In his Friday evening worship at Annual Conference, the Rev. Michael Turner preached about trusting in the Lord with blind faith that He will provide the way, about how so many churches are “dead,” with fading membership numbers and a budget focused more on upkeep of buildings than on making disciples.
“Churches, if your trustees do more work than your outreach ministry team, your church is in trouble,” said Turner, senior pastor of Wightman United Methodist Church in Prosperity.
But when we trust in Jesus with blind faith – when we let go of the shackles of the world and step out on pure hope – we will begin to regain the true meaning of what it means to be a church that transforms the world and makes disciples for Jesus Christ.
We will grow and blossom, because we are truly doing His will.
Bringing a message centered on John 21:1-6, Turner reminded the crowd how one of the last things Jesus did before he ascended to the Father was to go out on the beach where his disciples were fishing. They had been fishing all night long, not catching anything, and Jesus told them to cast your nets on other side and they will catch something.
In other words, Turner said: do something different, something that doesn’t necessarily make sense. Do something on blind faith.

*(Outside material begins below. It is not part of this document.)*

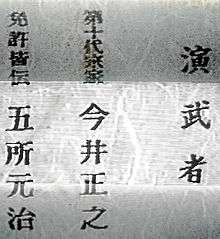 - ↑ Gosho Motoharu, Imai Massayuke (1981). Niten Ichi Ryu Demonstration for the permanent archive of Nihon Kobudo Kyokai (video). Japan: Nippon Budokan.

The disciples listened, and the Bible tells us they brought in so many fish that they couldn’t even haul in their overflowing nets.
We can learn much from this passage, Turner told the packed arena.
“We’ve been casting our nets a long time, but problem is it’s been so long since we caught anything we forgot that’s the reason we’re in the boat,” he said. “And when we lose sight of that, all sorts of bad stuff can happen.”
A lot of times we lose focus, the mission of making disciples gets blurry, and we move from mission to maintenance, Turner said.
“We say, ‘We don’t have time to fish; we’ve got to work on the boat,’ or ‘That’s not in the budget,’” Turner said.
And sometimes, many of us move from casting nets to casting blame. Congregations will complain about the pastor appointed to their church, Turner said, whining that if only the bishop would send them a “good preacher” they would catch some fish again. Pastors complain in much the same manner: If only the bishop would send me to a “good church.”
But it’s not about the church or the pastor, or any other excuse, Turner said. It’s about the mission, and how if we let go of the trappings of “how we always did it” and step out on faith, then we can be the kind of fruitful church we’re called to be.
Turner related the story of a church, Fort McKinley UMC, in Dayton, Ohio. After their heyday in the 1950s, their membership had dwindled to barely 40, with no young people. They looked around and knew their future was not bright.
Trusting in the power of the resurrection, Turner said, Fort McKinley made a strategic decision to die. They partnered with a thriving nearby church, Ginghamsburg, with 4,500 people in worship each week. They let go of their old ways and embraced the new.
Today, a little more than a year later, most everything about their church is now different: different colored walls, different style of music, different worship times. Attendance is about 400 on a regular basis, they are 45 percent African-American and Hispanic, and they have to have three different worship services “just to haul in the nets,” Turner said.
We need to learn from the blind faith of the disciples and Fort McKinley UMC and realized that sometimes you have to die to live.
“Our job is not to hunker down in maintenance mode,” Turner told the room. “Doing that almost killed a lot of our churches; it plunges us into survival mode where churches hang on by their fingernails fighting just to stay alive.”
When we choose to fish off the other side of the boat and lose our life for Christ’s sake, we are resurrected and become far more fruitful than we could ever have imagined.
“That’s what happened when God raises the dead,” Turner said. “And our God just loves to raise the dead.”